[Task to complete]: Nothing but the lines from the one with "Attention, le match" down to the one with "Itama 38, the" should be returned, exactly and with both ends included, from the material below.

[Data section]:
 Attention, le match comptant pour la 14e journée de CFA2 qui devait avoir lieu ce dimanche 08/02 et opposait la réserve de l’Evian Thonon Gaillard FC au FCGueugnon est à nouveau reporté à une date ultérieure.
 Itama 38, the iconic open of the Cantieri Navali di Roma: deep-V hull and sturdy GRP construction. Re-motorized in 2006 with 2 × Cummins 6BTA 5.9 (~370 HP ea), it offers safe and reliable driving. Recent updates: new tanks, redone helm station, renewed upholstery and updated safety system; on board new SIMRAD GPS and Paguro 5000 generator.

---

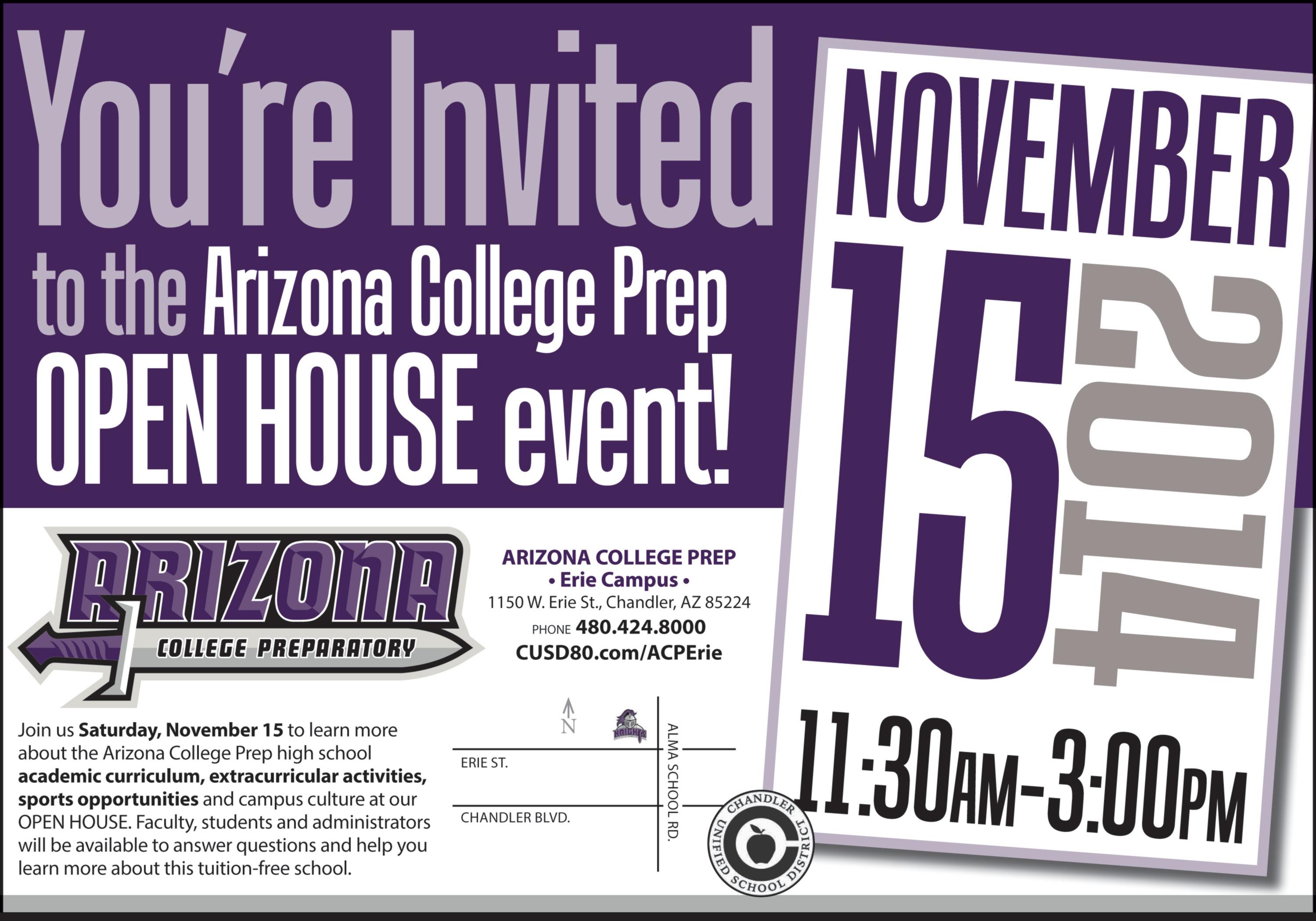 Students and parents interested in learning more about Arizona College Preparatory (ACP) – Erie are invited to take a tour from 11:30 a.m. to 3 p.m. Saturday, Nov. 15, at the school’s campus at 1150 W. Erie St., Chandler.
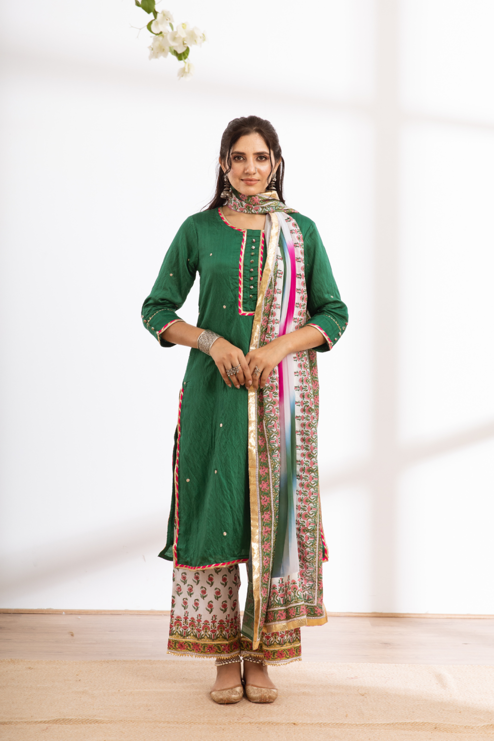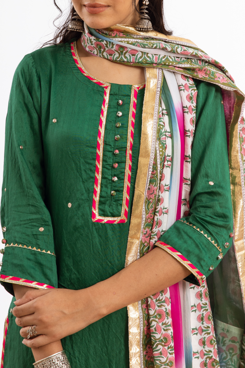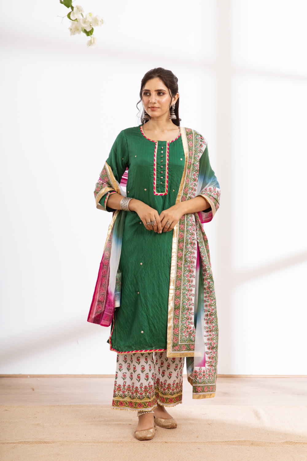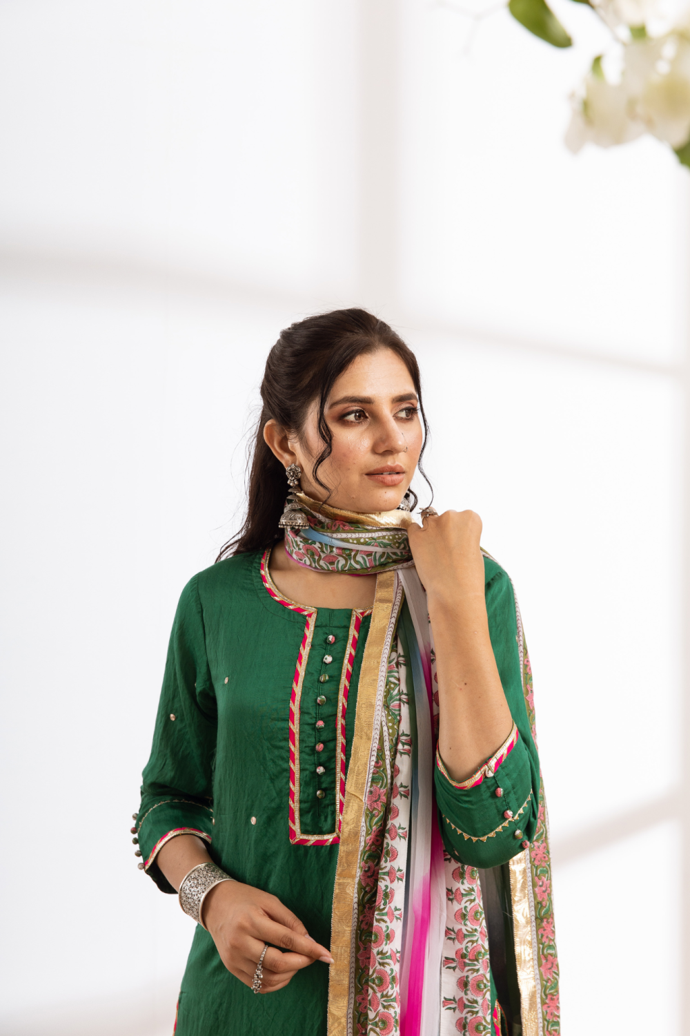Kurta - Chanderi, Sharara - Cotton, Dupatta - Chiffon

[Completed task]:
 Attention, le match comptant pour la 14e journée de CFA2 qui devait avoir lieu ce dimanche 08/02 et opposait la réserve de l’Evian Thonon Gaillard FC au FCGueugnon est à nouveau reporté à une date ultérieure.
 Itama 38, the iconic open of the Cantieri Navali di Roma: deep-V hull and sturdy GRP construction. Re-motorized in 2006 with 2 × Cummins 6BTA 5.9 (~370 HP ea), it offers safe and reliable driving. Recent updates: new tanks, redone helm station, renewed upholstery and updated safety system; on board new SIMRAD GPS and Paguro 5000 generator.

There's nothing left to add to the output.